Structs with tuple fields as broadcast arguments #38
Comments
Are you using this with an OpenCL CPU driver? I have been figthing with issues related to different alignment for intel/amd cpu opengl drivers...
|
I'm not totally sure, was hoping it was on the (somewhat meagre) GPU! Two driver versions show up on my setup: OpenCL.Device(Intel(R) HD Graphics on Intel(R) OpenCL @0x000055ad4d6cb990)
OpenCL.Device(Intel(R) HD Graphics 5500 BroadWell U-Processor GT2 on Intel Gen OCL Driver @0x00007f573ac89600) Using the first one just kills julia so I figure its an artefact of some kind, so I It should be the latest package clones and Julia, this is a fresh install yesterday. Let me know if you need any other details. |
I'm mostly trying to test that OpenCL will actually run the kernels that I was running on regular CPU. The main GPU work will be on CUDA, which I'm just getting set up. I'm aiming to build a simulation framework that will run user defined inner kernels on CPU/OpenCL/CUDA interchangeably, but I'm not sure how practically possible that is yet. |
You might be able to get around this problem if you can insert some padding ;) struct WithTuple
a::Int32
pad::Int32 # might be even more efficient
b::Tuple{Int32,Int32}
end |
Unfortunately not so easy! What would I be aiming for - padding it out to 64bit multiples? I'm also wondering if there is a long term solution for this, as in is it be possible to repack to a correct struct automatically? I was hoping user-supplied isbits structs would eventually work without this kind of step. |
I put a lot of effort into this and I thought I got it working with most gpu opencl drivers. I posted a question on stackoverflow a while ago: https://stackoverflow.com/questions/47076012/opencl-only-on-amd-cl-invalid-arg-size There was actually a suggestion in there:
I'm not a 100% sure, if that is a valid workaround for your specific issue - but definitely worth a try. |
Btw your example works on my gpus! julia> using CLArrays
julia> struct WithTuple
a::Int32
b::Tuple{Int32,Int32}
end
julia> Base.:(+)(x::Integer, y::WithTuple) = x + y.b[2]

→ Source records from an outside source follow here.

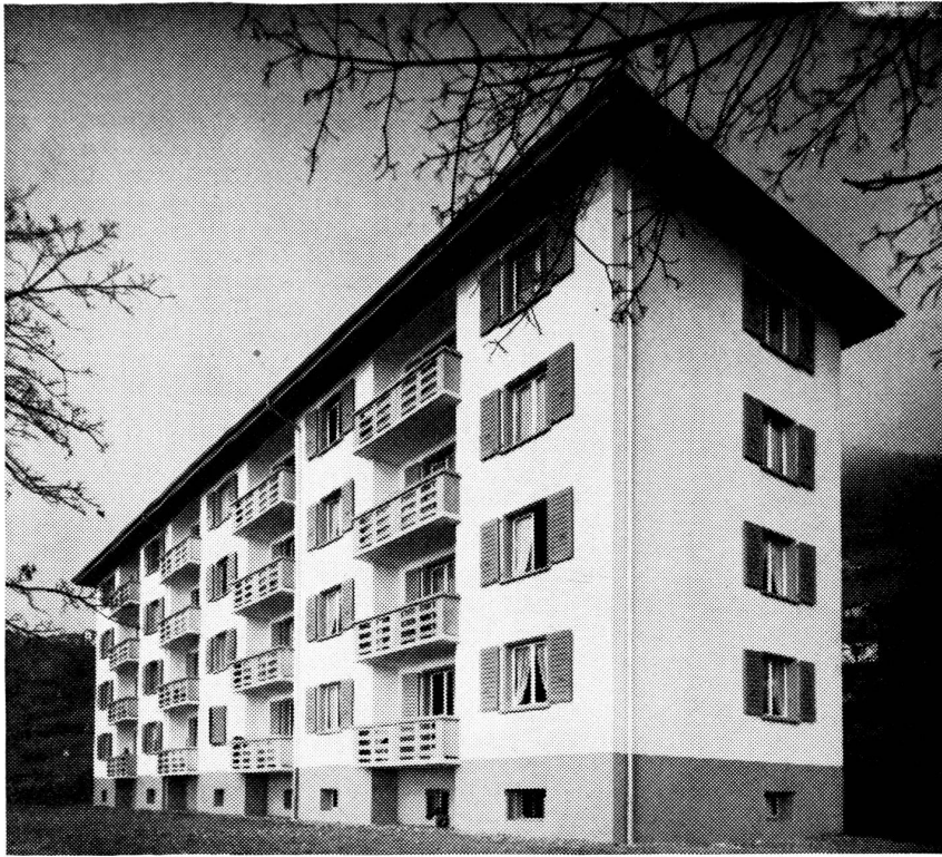
« Les Trois Tilleuls » 16 appartements de 2, 3 et 4 pièces.

immobiliers de la région donna lieu à une campagne mémorable où tous les moyens furent mis en œuvre pour faire avorter notre projet. Ce fut l'occasion d'entendre cette énormité de la part d'un médecin montrousien : « ... qu'est-ce que c'est que cette légende de baignoires pour des ouvriers?... ». On a évolué depuis !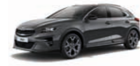
Pentametal Metallic (H8G)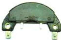
SV1808-MM001 MODULO E.E MITSUBISHI COURIER=M806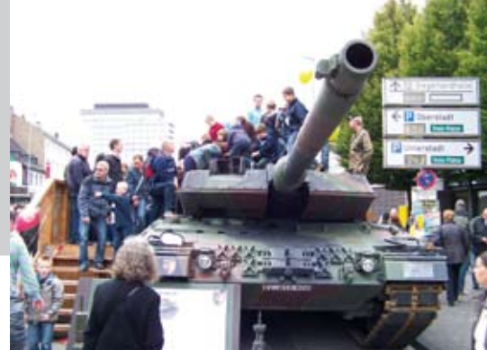
Panzer sind keine Spielzeuge - oder doch?

die Initiative Bundeswehr wegtreten unter www.bundeswehr-wegtreten.org . Interveniert wird zum Beispiel bei Rekrutierungsveranstaltungen, um das Streben der Bundeswehr nach gesellschaftlicher Akzeptanz und ihren Versuch der Selbstinszenierung einzudämmen.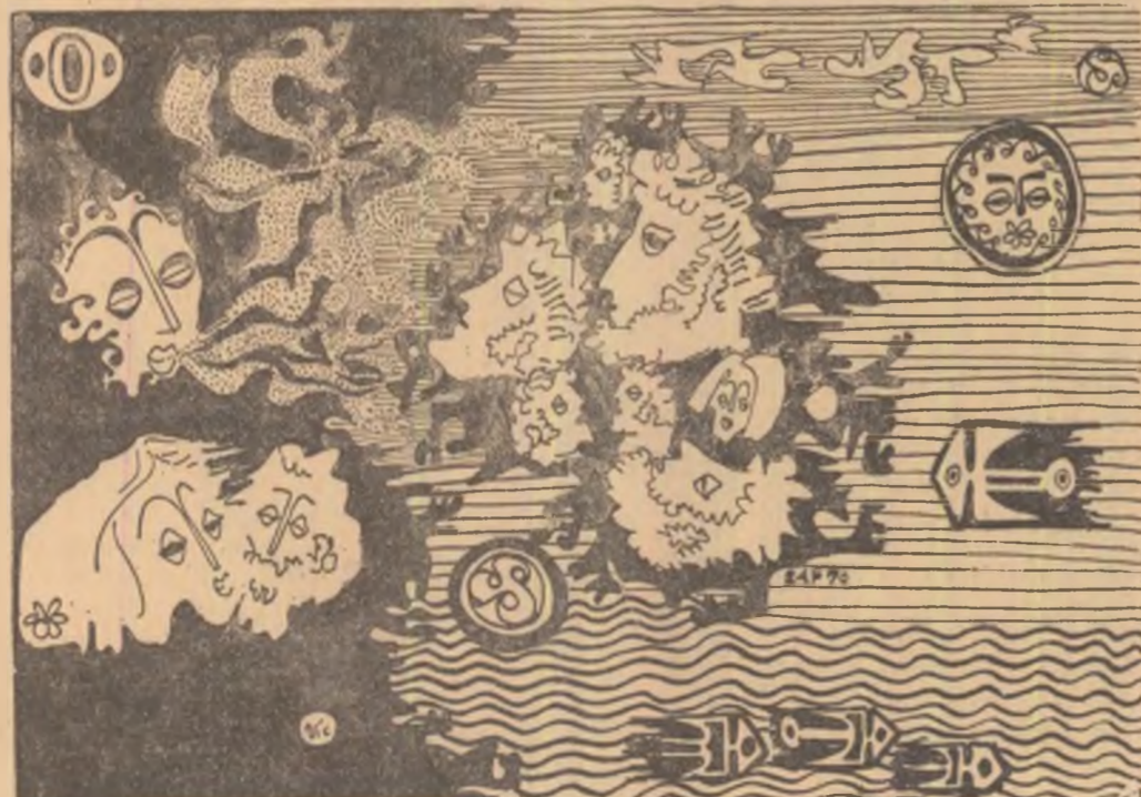
Desen de IOAN VICTOR DRĂGAN

șit care ne cuprîndea pe toți și mai ales pe mine, te făcea să suferi din ce în ce mai tare. Cine zice că-i ușor să scoți o medie de cinci cînd ai patru, patru, patru și trei în teză, se înșală. E greu. Și nu numai pentru tine, ci și pentru profesor, care ori-cîți de zece ți-ar da, tot nu iese media. În cele din urmă mă fofilam și-i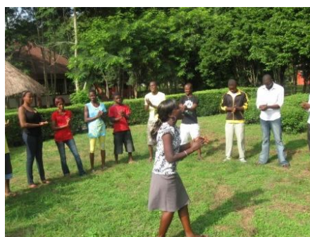
Une séance d'animation en plein air

La cinquantaine de jeunes des deux sexes venus du Mali et du Togo ont participé à des activités telles que des ateliers sur divers thèmes relatifs à la citoyenneté et au leadership, sur l'élaboration de plan d'affaires, sur l'élaboration de CV, lettre de motivation et préparation d'entretien d'embauche.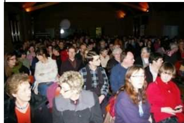
Que de monde !

Punch" et quelques mignardises offerts par le comité des fêtes.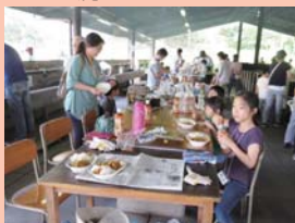
美味しいカレーが完成です！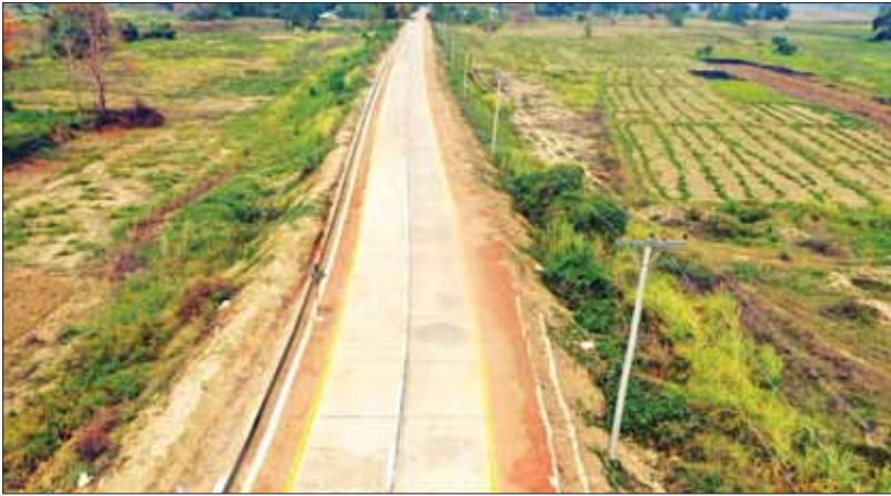
လက်ဝဲဘက်-မိုးညို-နတ်တလင်းလမ်းမှ မိုးညိုနှင့် နတ်တလင်းကြား လမ်းပိုင်းတစ်ခုခုပေါ်

လက်ဝဲဘက်- မိုးညို - နတ်တလင်း လမ်းပိုင်း၏ မိုးညိုမြို့နယ်အပိုင်းတွင် ရော့ဘီမြစ်ရေတိုးဝင်ရာ ရေနက်ကွင်း များ၊ အင်းအိုင်များက လမ်း၏ တစ်ဖက် တစ်ချက်စီတွင် တစ်ဆက်တစ်စပ်တည်း တည်ရှိနေသည်။ ရေတိုးပြီးတင်ကျန်ရစ် သည့် နန်းတင်မြေများ၊ ရွှံ့နွံအင်းအိုင် များက မိုးညိုဒေသ စိုက်ပျိုးရေးအတွက်၊ ငါးလုပ်ငန်းအတွက် များစွာအထောက် အကူပြုနေပြီး ဒေသမှ သီးနှံနှင့် ရေထွက် ကုန်များစွာ ထွက်ရှိသည်။ သို့သော် ဒေသထွက်သီးနှံနှင့် ရေထွက်ကုန် များစွာကို ဈေးကွက်အတွင်း နေ့ချင်း ရောက် ရောင်းချနိုင်ရန် ခက်ခဲသည့် အခြေအနေရှိခဲ့သည်။

julia> x = CLArray(Int32[1,2,3,4])
julia> x .+ WithTuple(1, (2,3))
GPU: 4-element Array{Int32,1}:
4
5
6
7
julia> CLArrays.device(x)
OpenCL.Device(Intel(R) HD Graphics 630 on Intel(R) OpenCL @0x00000000076a8ed0)
julia> CLArrays.init(CLArrays.devices()[2])
OpenCL context with:
CL version: OpenCL 1.2 CUDA
Device: CL GeForce GTX 1060
threads: 1024
blocks: (1024, 1024, 64)
global_memory: 6442.450944 mb
free_global_memory: NaN mb
local_memory: 0.049152 mb
julia> CLArray(Int32[1,2,3,4]) .+ WithTuple(1, (2,3))
GPU: 4-element Array{Int32,1}:
4
5
6
7 I'm kind of sick of dealing with buggy / inconsistent OpenCL drivers :P |
Oh god I didn't realise it was like that... these are both Intel HD cards... julia> using CLArrays
julia> CLArrays.init(CLArrays.devices()[2])
OpenCL context with:
CL version: OpenCL 1.2 beignet 1.3
Device: CL Intel(R) HD Graphics 5500 BroadWell U-Processor GT2
threads: 512
blocks: (512, 512, 512)
global_memory: 4119.855104 mb
free_global_memory: NaN mb
local_memory: 0.065536 mb
julia> struct WithTuple
a::Int32
b::Tuple{Int32,Int32}
end
julia> Base.:(+)(x::Integer, y::WithTuple) = x + y.b[2]
julia> x = CLArray(Int32[1,2,3,4])
GPU: 4-element Array{Int32,1}:
1
2
3
4
julia> x .+ WithTuple(1, (2,3))
ERROR: Julia and OpenCL type don't match at kernel argument 6: Found Tuple{CLArrays.DeviceArray{Int32,1,CLArrays.HostPtr{Int32}},WithTuple}.
Please make sure to define OpenCL structs correctly!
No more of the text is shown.